Please tell me why it doesn't. |
Hi Rascal. Simply because nobody is showing the directional flows of waves, approaching each other with opposite or even handedness. They're always pictured separately, like they never mesh. If you envision a circle, filled with a number of spiral sections, of left and right hand spins, approaching through time/distance from the out side of the circumferance of the circle, and meeting in the point center, like a bunch of twisters/tornados, you clearly see the dynamics put in play, I am trying to address. Such motions, interacting as such, would set up the perfect containment space, for matter/waves to hydrodynamically compress into real matter building processes. This is the quantum mechanical process, but first starts in the cosmology of the universe's fundamental substance fields, before first visible matter. It offers a possible evolution process of real matter production, from fundamental matter/waves. Instead of just explaining how the standard model works, this new model of wave interferances, clearly shows how the universe may have been put together, as verses the standard models' views of how it was taken apart, or works, from a point of unknowing. This model offers real accretion containment scenarios.
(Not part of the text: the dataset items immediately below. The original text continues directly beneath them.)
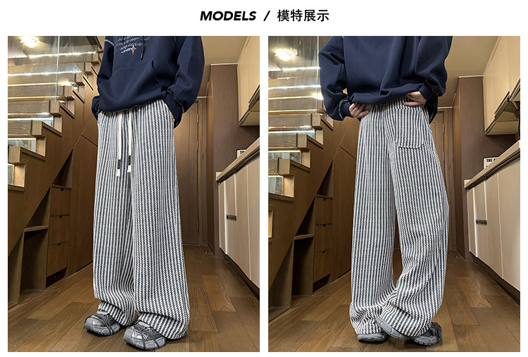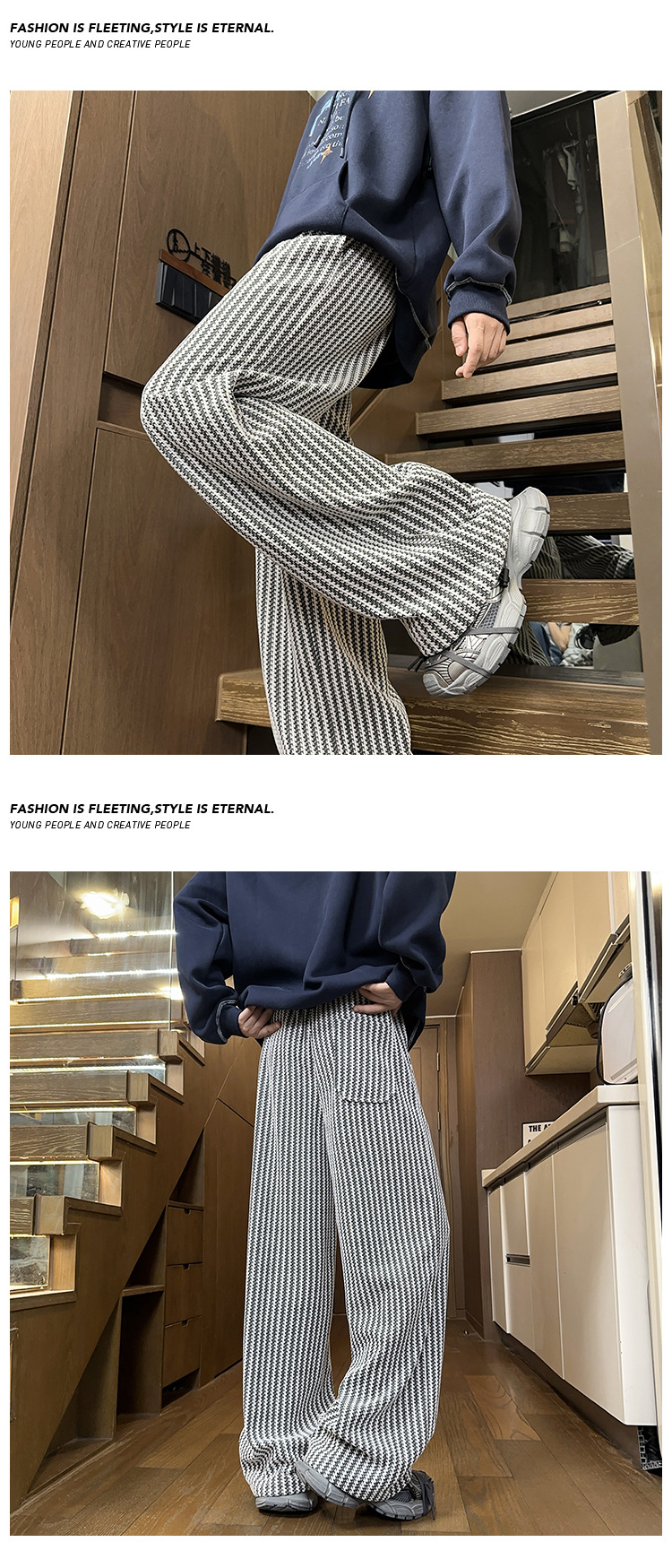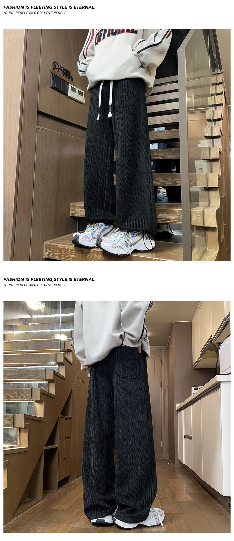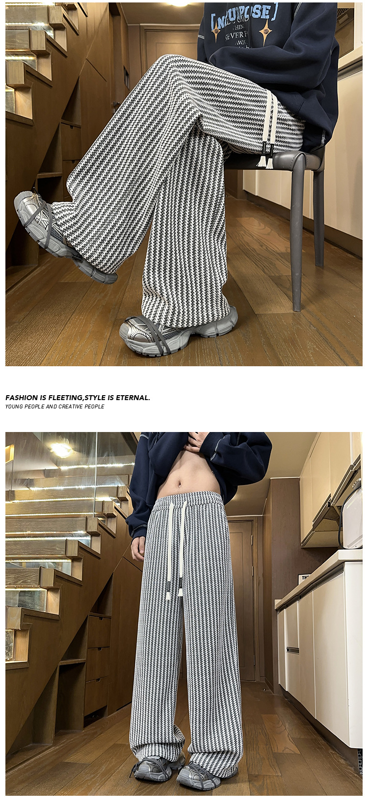 텍스처 자카드 바지 남성 가을, 겨울 트렌디 브랜드 멋진 스트레이트 루즈 바지 남성용 헤비급 와이드 레그 캐주얼 바지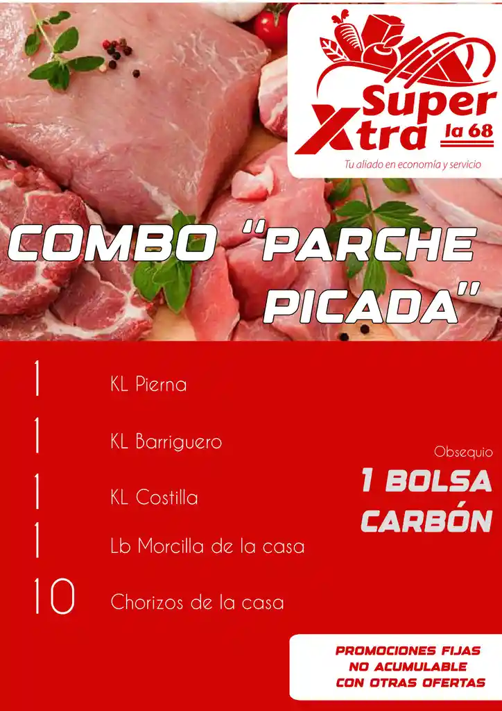 1 KILO DE PIERNA // 1 KILO BARRIGUERO // 1 KILO CONSTILLA // 1 LIBRA DE MORCILLA DE LA CASA // 10 CHORIZOS DE LA CASA. /// OBSEQUIO 1 BOLSA DE CARBÓN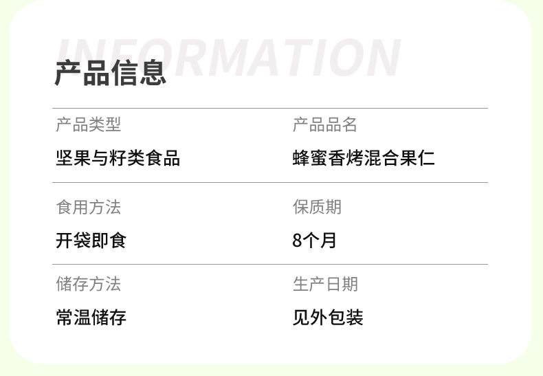 | Packaging specifications | 80g honey roasted mixed nuts |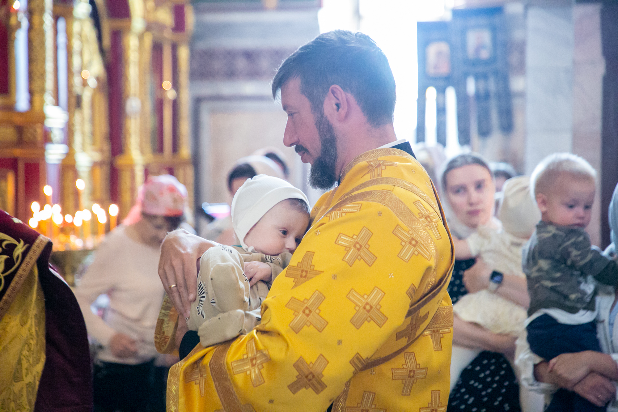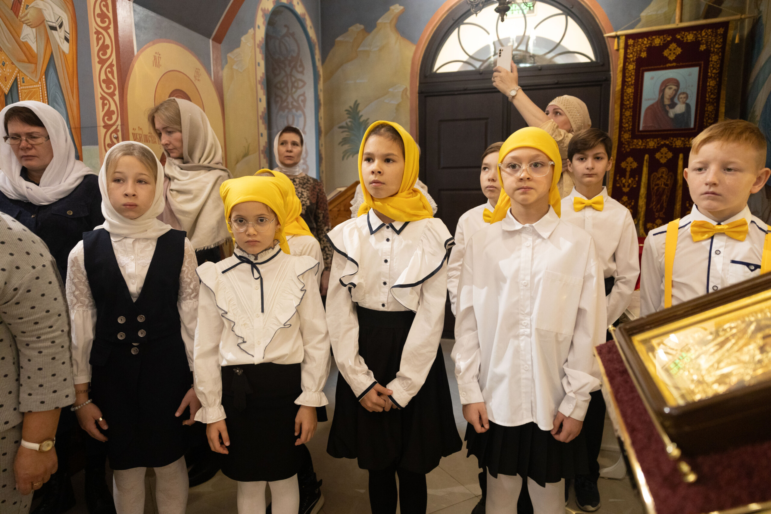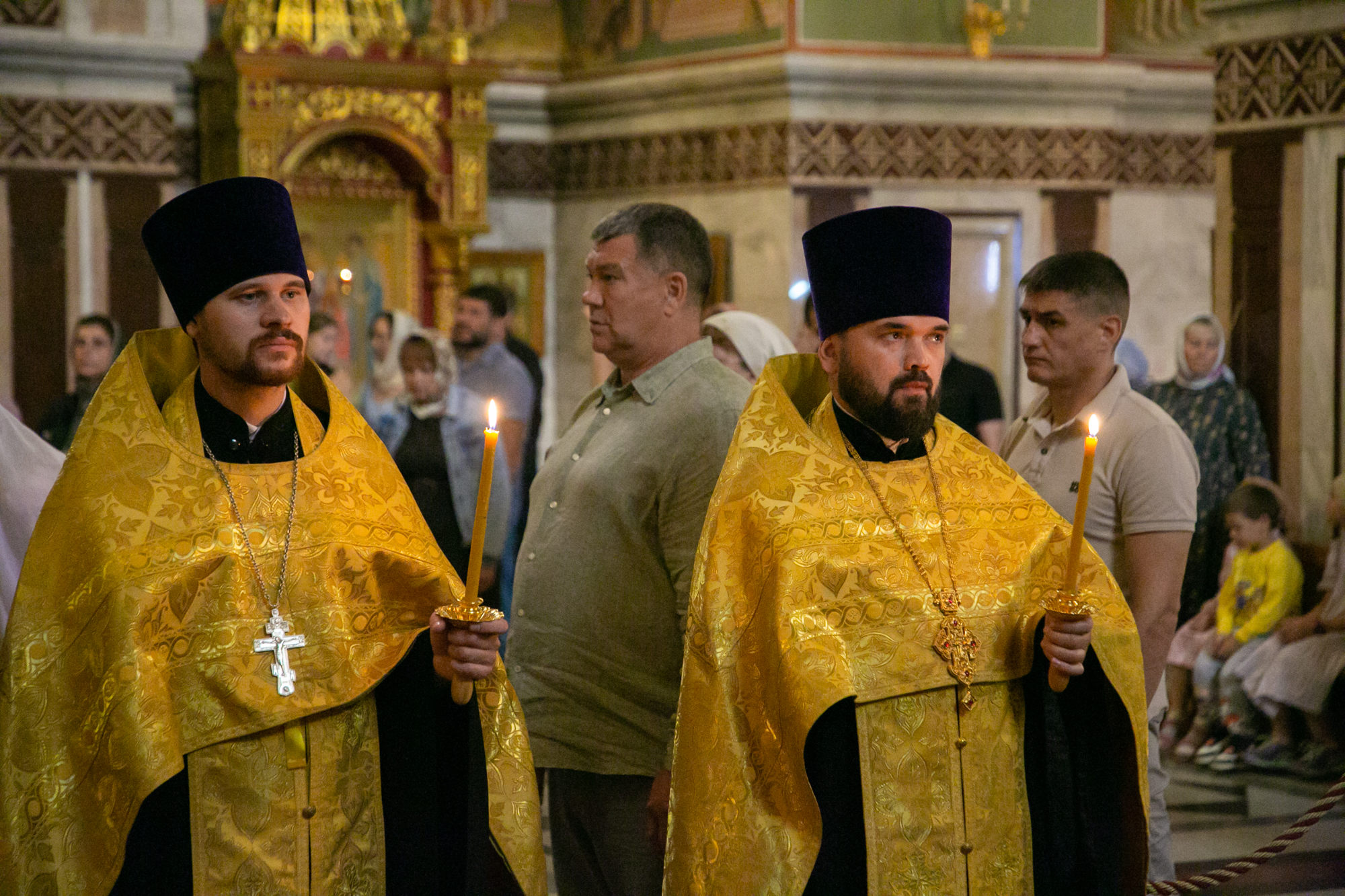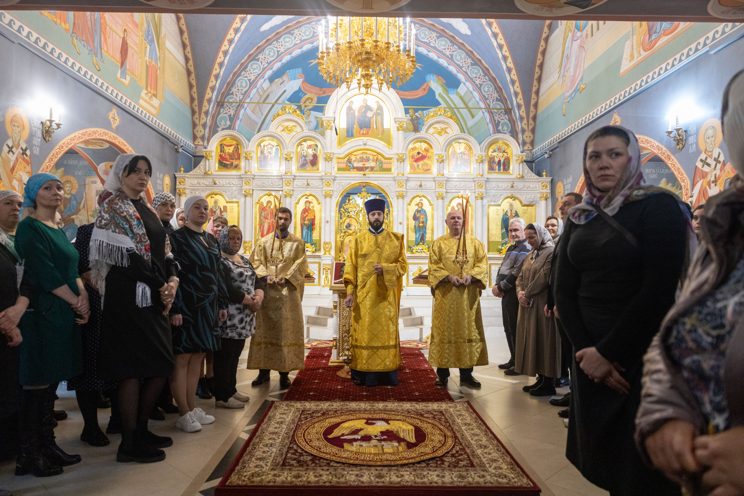 На мирной и сугубой ектениях были вознесены молитвы о Российском воинстве и о мире.

If you follow the model of two right handed springs approaching at the speed of light, or of two left handed springs approaching, or one of each, they all set tremendous hydrodynamic containment pressures into play...
I just see nowhere in the physics literature, or this site, where such a dynamic model of quantum or cosmological processes, have been addressed. I'm laying it out as a possible model of creating first black holes or first stars, from fundamental matter/waves, existing before the big bang, or many small bangs. Have you seen it described this way, anywhere?